- **EXERCISE REQUIREMENTS**:
Down to the last line, set down the material below exactly; skip the pictures.

- **COLLECTED MATERIAL**:
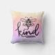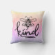 Bee kind hand drawn word art quote on distressed rainbow ombre background.
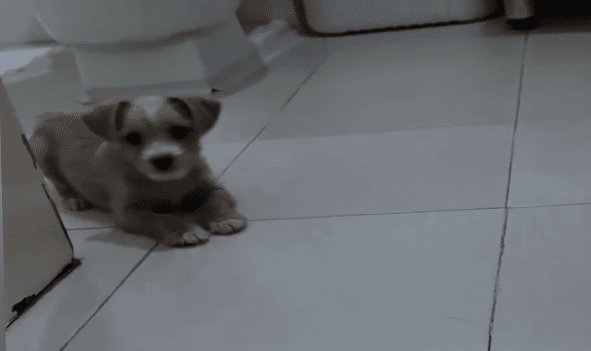 Inside the warmth of a home, the puppy stayed tense and watchful.
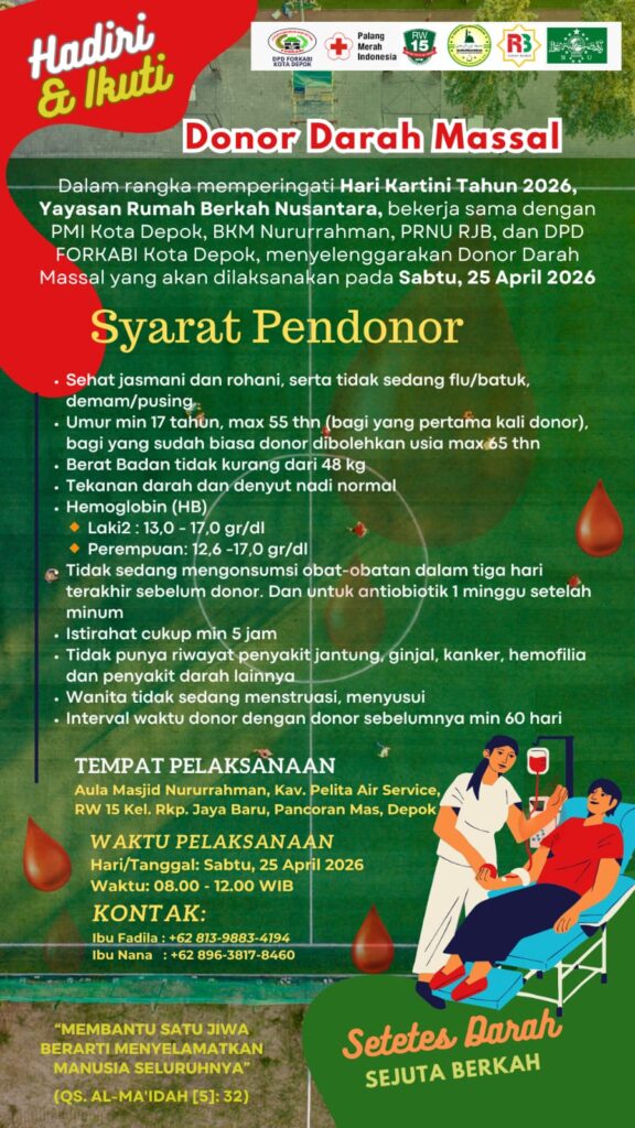 SAJADA.ID, DEPOK–Dalam rangka memperingati Hari Kartini Tahun 2026, Yayasan Rumah Berkah Nusantara menggelar kegiatan sosial berupa donor darah massal.
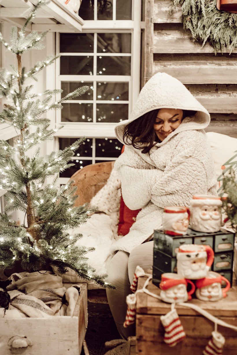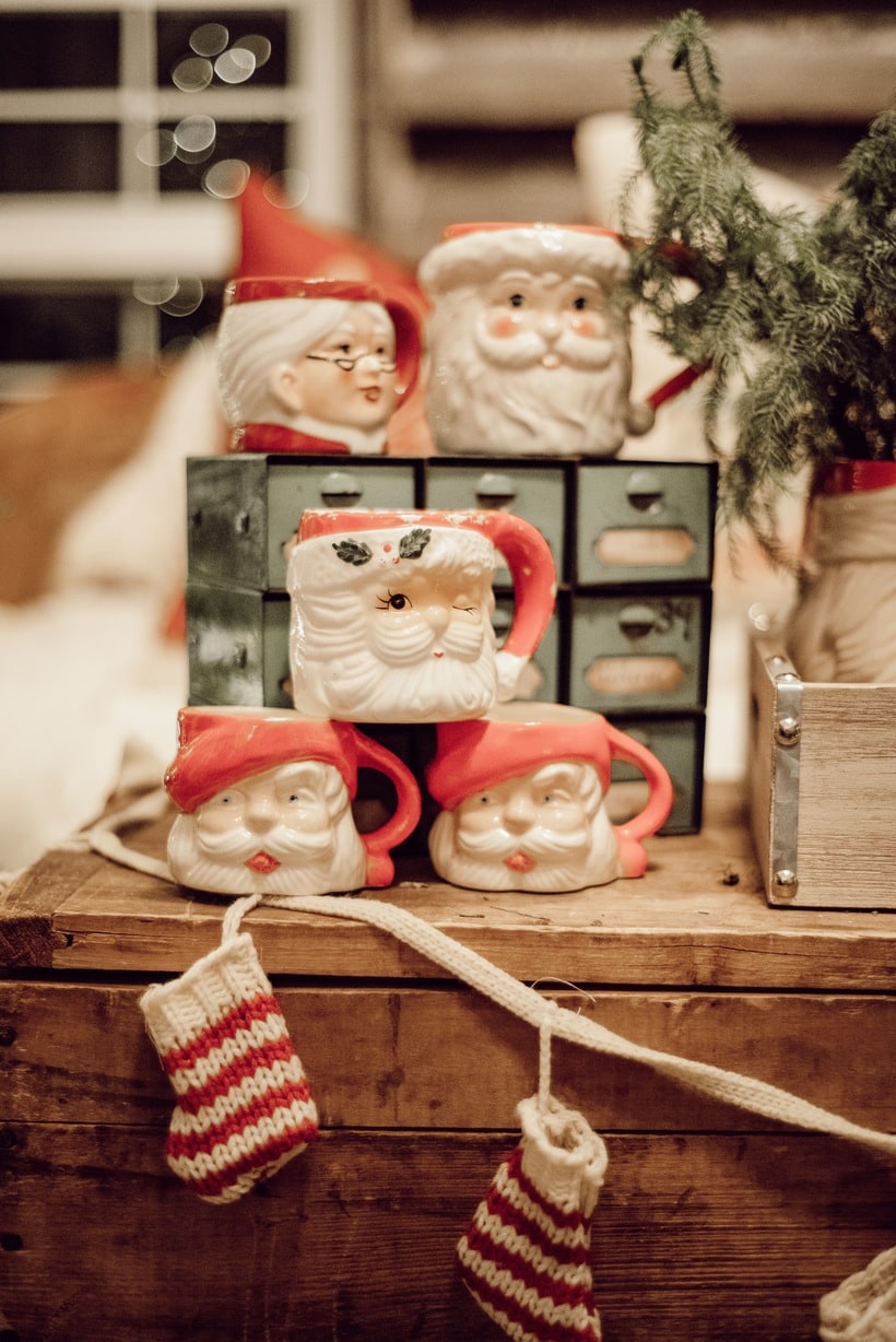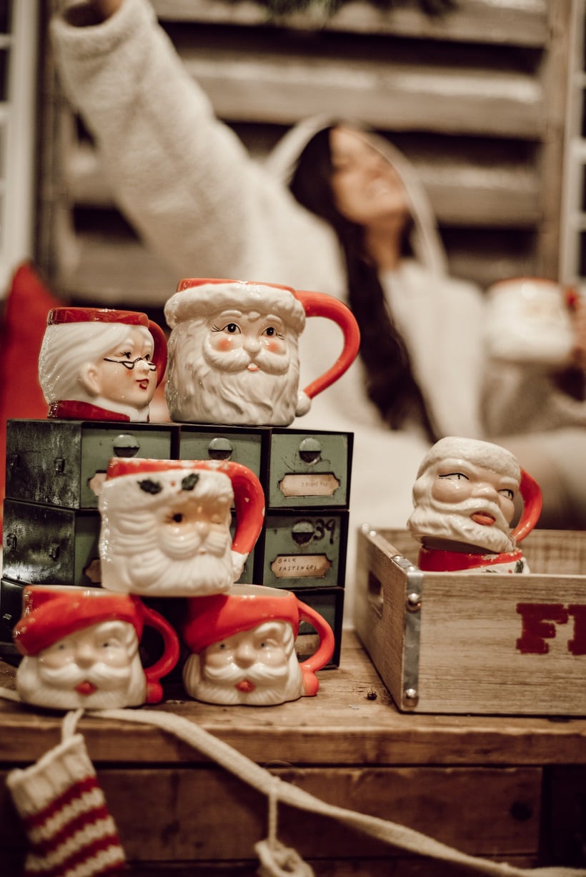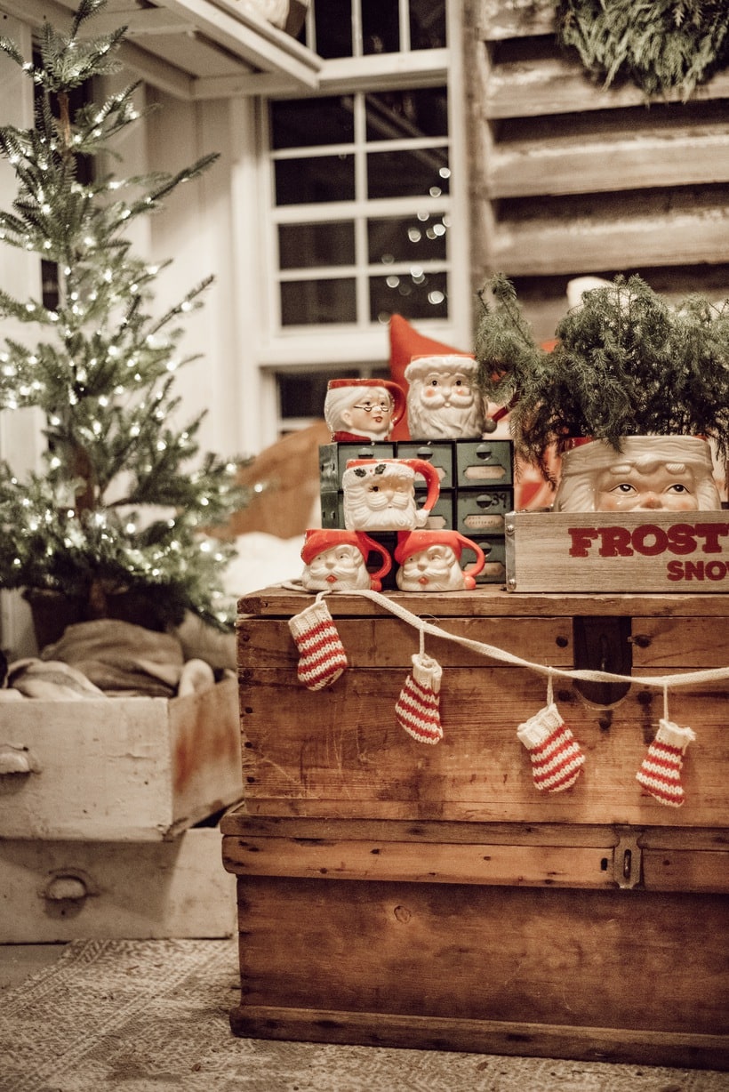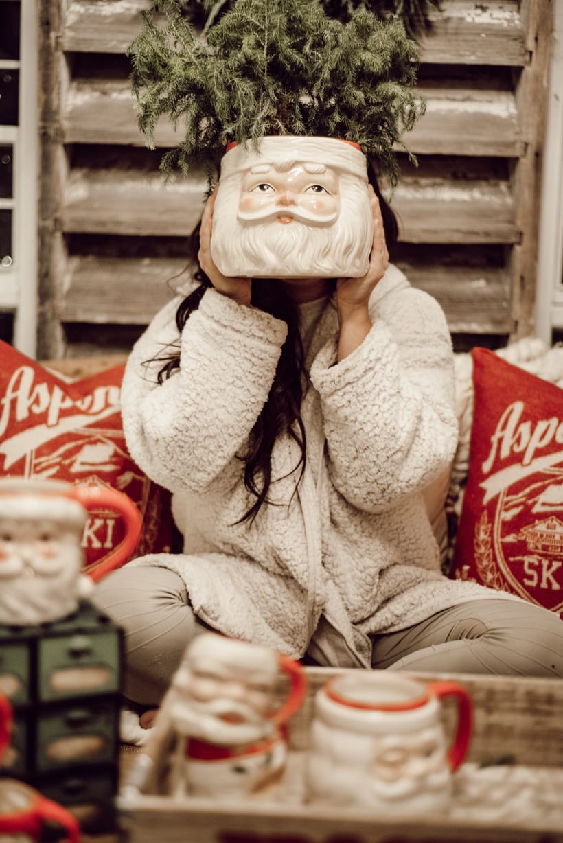 Honestly I just wanted to make this little space festive and happy so I brought in many of my santa mugs among some other festive things like that stocking garland from Michaels & that red mail box I picked up on one of my trips to Tractor Supply. Those red pillows from HomeGoods add the perfect pop of red as well. It’s nothing fancy, but it’s cozy & it’s for sure got all of the festive feels in here. When you are looking at these photos I hope you can hear what we were listening to while taking them… Lauren Daigles Christmas album. If you haven’t heard it, listen to it now!

- **REPLY**:
 Bee kind hand drawn word art quote on distressed rainbow ombre background.
 Inside the warmth of a home, the puppy stayed tense and watchful.
 SAJADA.ID, DEPOK–Dalam rangka memperingati Hari Kartini Tahun 2026, Yayasan Rumah Berkah Nusantara menggelar kegiatan sosial berupa donor darah massal.
 Honestly I just wanted to make this little space festive and happy so I brought in many of my santa mugs among some other festive things like that stocking garland from Michaels & that red mail box I picked up on one of my trips to Tractor Supply. Those red pillows from HomeGoods add the perfect pop of red as well. It’s nothing fancy, but it’s cozy & it’s for sure got all of the festive feels in here. When you are looking at these photos I hope you can hear what we were listening to while taking them… Lauren Daigles Christmas album. If you haven’t heard it, listen to it now!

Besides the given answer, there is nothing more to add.